== DATA BLOCK ==
■ ■ ■ ■ ■ ■ ■
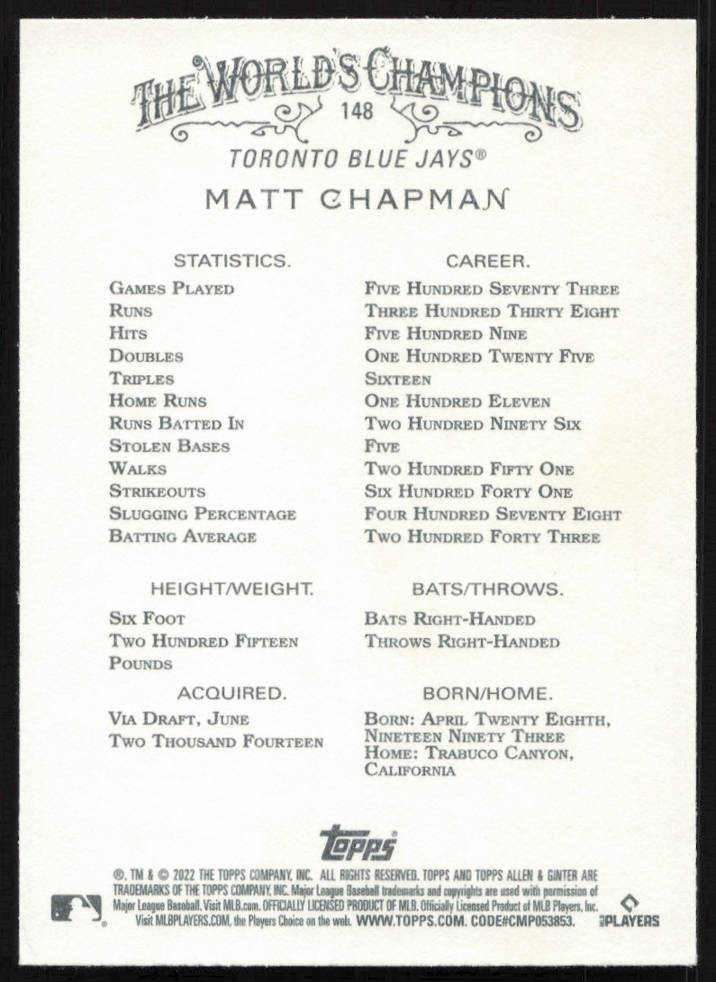 This Baseball card, from 2022 is part of the Topps Allen & Ginter card set. Matt Chapman is featured and has a card number of 148.
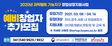 한편, ‘2020년 과학벨트기능지구 창업성장지원사업’ 추가모집에 대한 자세한 사항은 호서대학교 창업지원단 홈페이지(http://startup.hoseo.ac.kr) 공지사항에서 확인할 수 있다.
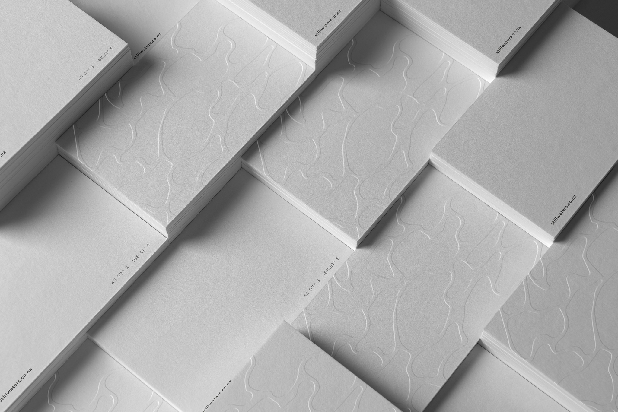 在這里,“水”圖案被應用為灰色和白色板上的盲浮雕,只有最細微的印刷細節,有足夠的空間給它所有的呼吸空間,地理坐標可能是唯一一個真正的隱喻。只有通過導航工具才能實現的“遙遠”是一種在高檔產品(從烈酒到手表到香水)中反復出現的主題,它的存在是因為它的內涵而不是它的實用性,就像視覺主題一樣,有助于將思維投射到一個想象中而不是字面上的靜止之地。
■ ■ ■ ■ ■ ■ ■
== WHAT TO DO ==
Transcribe the data word for word, with no images.

== ANSWER SECTION ==
 This Baseball card, from 2022 is part of the Topps Allen & Ginter card set. Matt Chapman is featured and has a card number of 148.
 한편, ‘2020년 과학벨트기능지구 창업성장지원사업’ 추가모집에 대한 자세한 사항은 호서대학교 창업지원단 홈페이지(http://startup.hoseo.ac.kr) 공지사항에서 확인할 수 있다.
 在這里,“水”圖案被應用為灰色和白色板上的盲浮雕,只有最細微的印刷細節,有足夠的空間給它所有的呼吸空間,地理坐標可能是唯一一個真正的隱喻。只有通過導航工具才能實現的“遙遠”是一種在高檔產品(從烈酒到手表到香水)中反復出現的主題,它的存在是因為它的內涵而不是它的實用性,就像視覺主題一樣,有助于將思維投射到一個想象中而不是字面上的靜止之地。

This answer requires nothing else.